On the flip side, Packer Nation isn’t pleased that the team has been to just one Super Bowl in the McCarthy era despite having Hall of Fame quarterbacks Brett Favre and Aaron Rodgers at the helm. Green Bay is also just 1-3 in NFC Championship Games under McCarthy.
And since 2013, the Packers have gone 5-12-1 in games Rodgers missed entirely or was knocked out of.
In 2013, Green Bay went 2-5-1 after Rodgers broke his left clavicle, and then the team lost its first playoff game. Last year, the Packers went 3-7 after Rodgers broke his right clavicle, and they missed the playoffs for the first time since 2008.
“I think we’re all better for the negative things that have occurred,” McCarthy said. “When you talk about knowledge, the ability to learn from your past experiences and really the past experience of others that are shared with you – and I’m not just talking about the good ones – you learn a lot in this business about the mistakes and the ability to overcome adversity and all those.
“Because, hey, this is going to be a rough ride to get to where we want to go. And when we get there, it’s going to take probably our best to get it done.”
As 2018 begins, the spotlight on McCarthy feels as bright as at any time since a pressure-packed 2009 season.
The Packers traded Favre before the 2008 campaign and went 6-10 that year with Rodgers at the helm. Green Bay then began the 2009 season 4-4, leaving the team 10-14 overall in the post-Favre era.
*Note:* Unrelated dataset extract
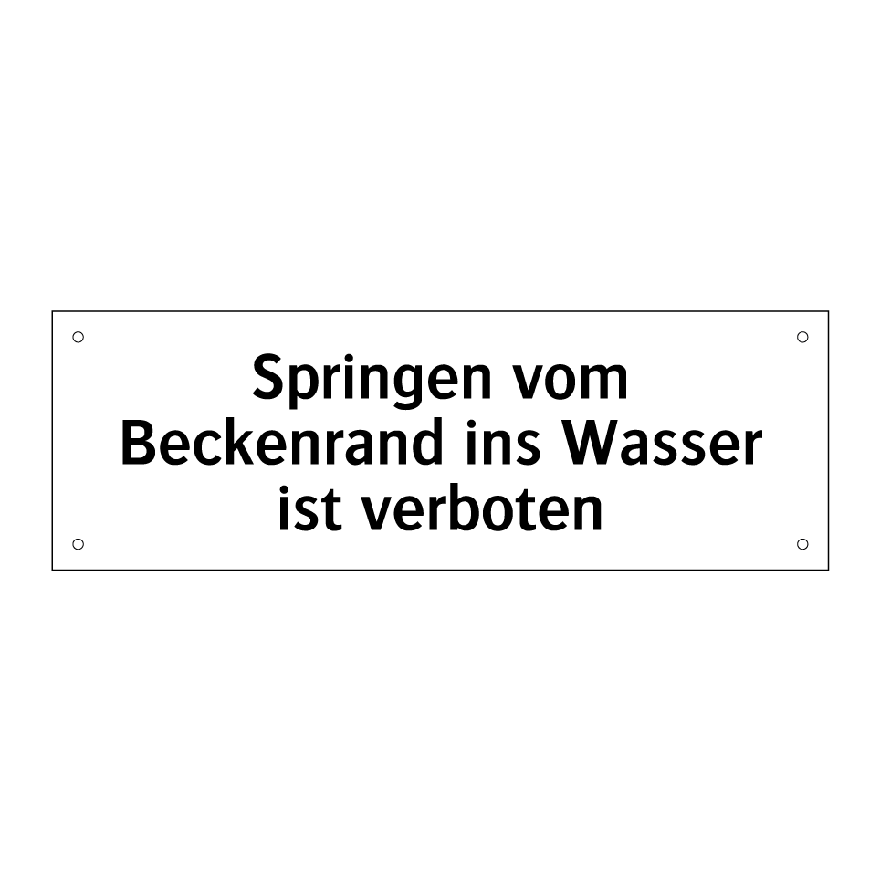 Diese Verbotsschild ist ideal für Schwimmbäder und Freizeiteinrichtungen, um die Sicherheit der Badegäste zu gewährleisten. Sie erinnert daran, dass das Springen vom Beckenrand untersagt ist, um Unfälle und Verletzungen zu vermeiden. Platzieren Sie diese deutliche Warnung an gut sichtbaren Stellen rund um den Poolbereich, um sicherzustellen, dass alle Besucher die Regeln einhalten. Diese klare und prägnante Botschaft hilft, ein sicheres Umfeld zu schaffen und die Einhaltung der Vorschriften zu fördern. Perfekt für öffentliche Schwimmbäder, Hotelpools oder private Schwimmbereiche, um die Sicherheit aller zu gewährleisten.

Before Green Bay’s Week 9 game with Dallas, fans paraded outside Lambeau Field wearing “Fire McCarthy” and “Fire Thompson” buttons.
“I can tell you that ’09 was a tense season for everybody, especially coming off of ’08 the way we played,” Rodgers said. “That was a pretty tense year. We all kind of felt like we were playing for our jobs.”
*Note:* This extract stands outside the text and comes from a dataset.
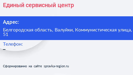 Единый, сервисный центр по адресу Белгородская область, Валуйки, Коммунистическая улица, 51 в дальнейшем Организация, размещена в следующих категориях: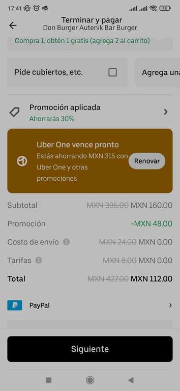(Sin gastos extras con Uber One)

Several Packers — including McCarthy — saved their jobs by going 7-1 in the second half of that 2009 season. One year later, Green Bay won Super Bowl XLV.
The heat is on McCarthy once again. And how McCarthy’s team performs in 2018 will almost certainly determine if he’ll return in 2019.
“Every coach, every player, everybody has things you have to be in tune with as far as the challenges that are coming personally and professionally,” McCarthy said Wednesday. “That’s all part of the opportunity.”